“Solo chiedo a
Dio
che il dolore non mi sia indifferente,
che la inaridita morte non mi incontri
vuoto e solo senza aver fatto lo sufficiente”.
(León Gieco)
Esistono fatti concreti, non sono solo i sentimenti o le sensazioni, ma sono gli atti quotidiani della vita, qui, in Honduras, che mi stanno confermando la mia opinione sul genere umano, a continuare a credere davvero che possiamo creare un mondo migliore.

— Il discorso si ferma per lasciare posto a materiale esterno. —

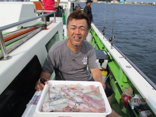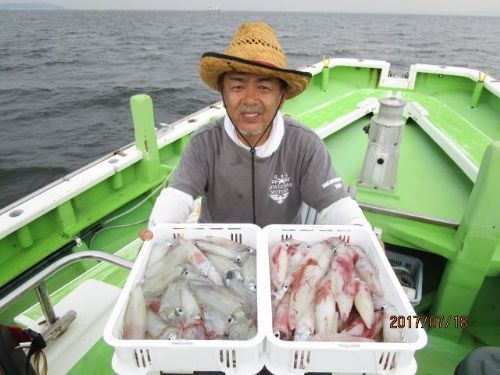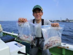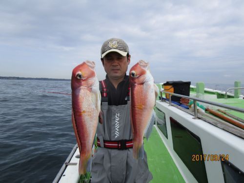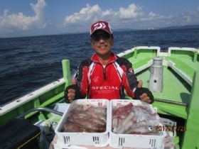 アマダイ船。保田沖から金谷沖を転々と狙い、風弱く海上穏やかで良い天気でした。 1日を通してあまり潮が流れず外道のアタリ少なく、各ポイントで本命は船中ポツリと顔見れるものの単発で、サイズは中型主体に良型&大型44cm混じりで終日ポツリポツリの拾い釣りでした。 トップは中・良型揃いに大型44cm含み5尾、2番手4尾、オデコ無く全員ゲット出来ました!
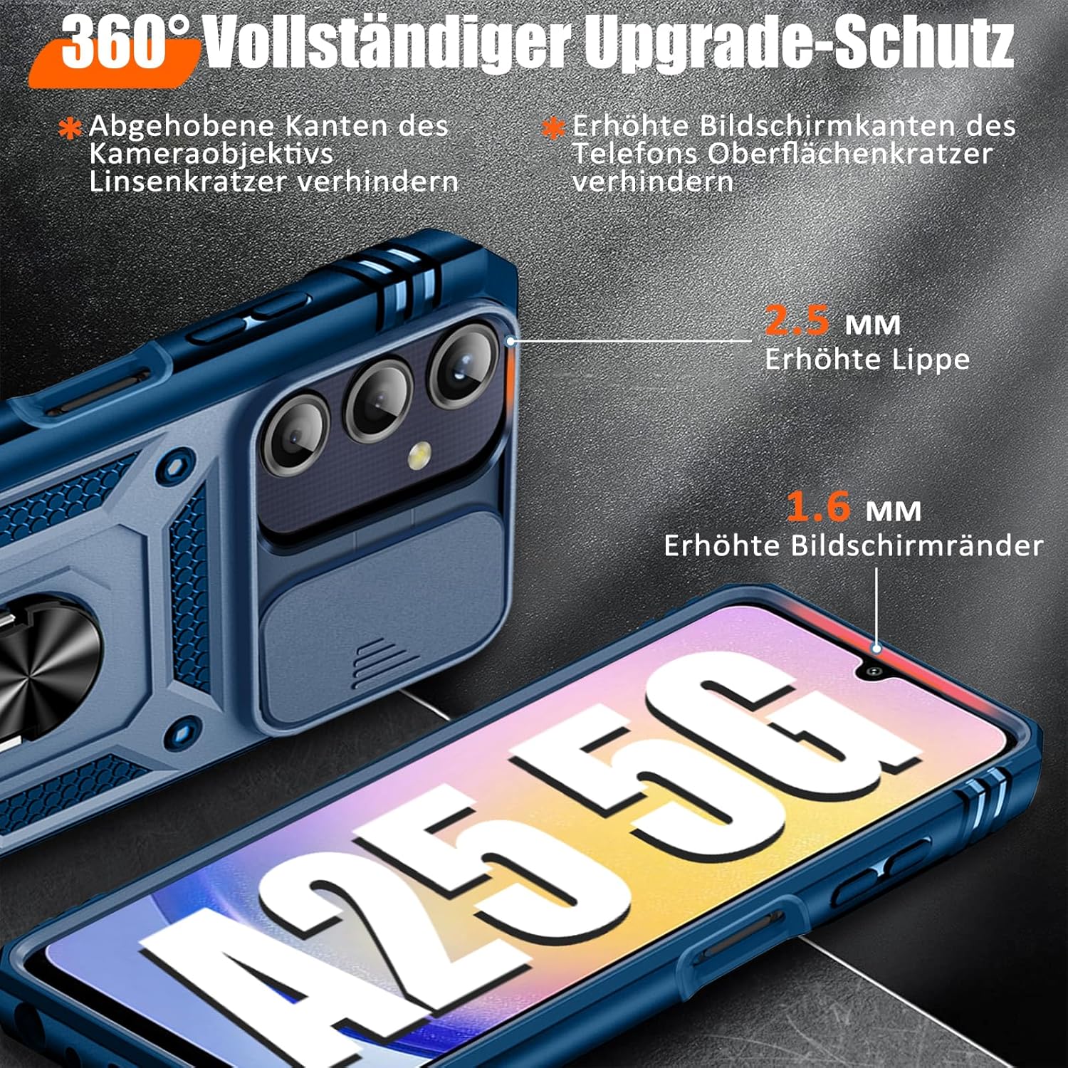 Кейс Giyer за Samsung Galaxy A25 5G с протектор за екрана, Кейс за мобилен телефон A25 5G със защита на камерата 360° метален пръстен стойка удароустойчив броня защитен кейс за външен монтаж Samsung A25

Qui, in America Centrale, nella terra di Morazán, sto conoscendo la solidarietà più immensa che ho incontrato nei miei 44 anni, vissuti tra una penisola europea erroneamente chiamata “il bel paese” (grazie a Berlusconi possiamo solo definirla “una repubblichetta da operetta”) ed un’isola eroica, Cuba, che è sicuramente la responsabile intellettuale di questa meravigliosa rivoluzione centroamericana.
Un popolo che un giorno prima del 28 giugno pensava di poter applicare il suo potere cittadino, conferitogli dal suo presidente democraticamente eletto Manuel Zelaya Rosales, si è trovato a scontrarsi improvvisamente con gorilla vestiti da militari, pronti a calpestare qualsiasi diritto costituzionale, anche il più elementare.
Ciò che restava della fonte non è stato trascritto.